What this task involves:
All lines from the one containing "I’m Sajie, the" through the end of the material below are to be printed exactly, both ends included, minus pictures.

Data shown:
# # # # #
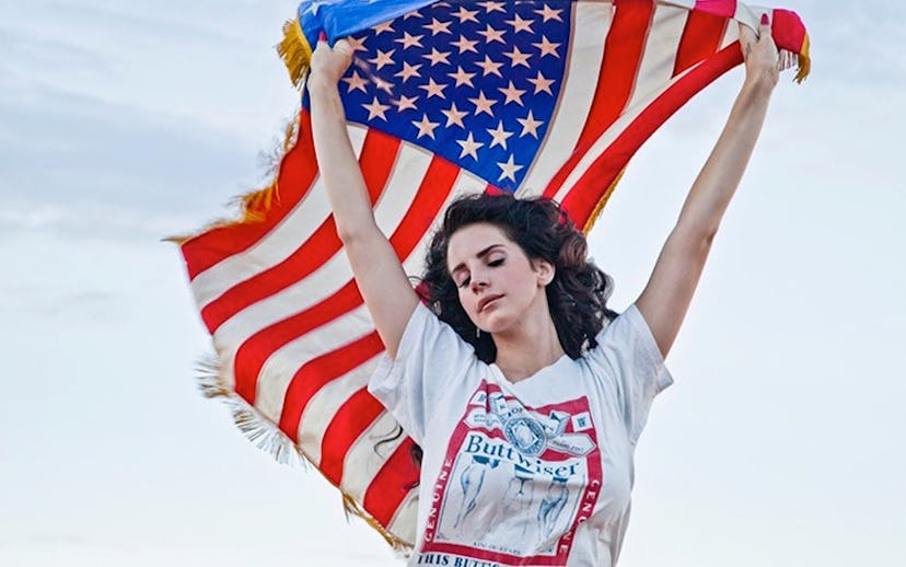 While I'm probably not going to ditch ponytails for pompadours or donning flower crowns any time soon, the singer's wardrobe of cutoffs, American-inspired tees, and '60s dresses is basically a cooler version of how I dress now. So if you need me this weekend, I'll be busy watching Del Rey's addictive music videos (especially "Ride") for hours getting inspiration...and wearing these adorable American flag socks. Gotta put my best, Lana-fied foot forward!
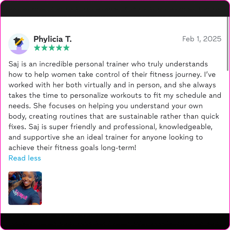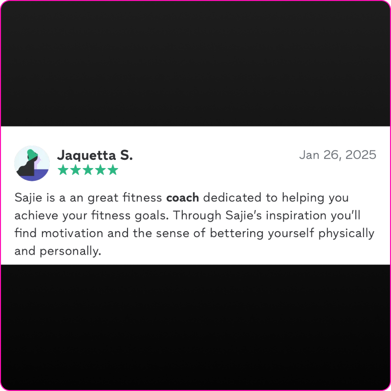 I’m Sajie, the creator of Sajie Jay Fitness and a trainer dedicated to helping people look stronger, feel better, and build real confidence. With years of coaching experience from athletes to everyday people—I’ve helped clients burn fat, sculpt muscle, and completely reshape their bodies using simple, effective systems that actually work.
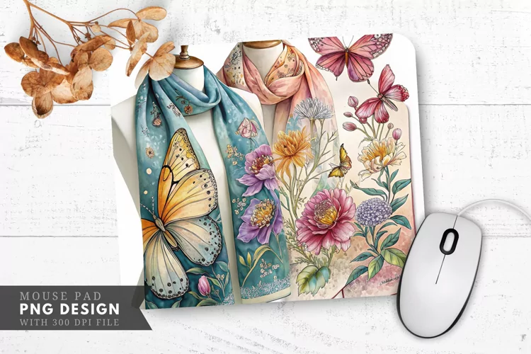Butterfly And Floral Silk Scarf Mouse Pad PNG Design example image 1
# # # # #
Result of the exercise:
 I’m Sajie, the creator of Sajie Jay Fitness and a trainer dedicated to helping people look stronger, feel better, and build real confidence. With years of coaching experience from athletes to everyday people—I’ve helped clients burn fat, sculpt muscle, and completely reshape their bodies using simple, effective systems that actually work.
Butterfly And Floral Silk Scarf Mouse Pad PNG Design example image 1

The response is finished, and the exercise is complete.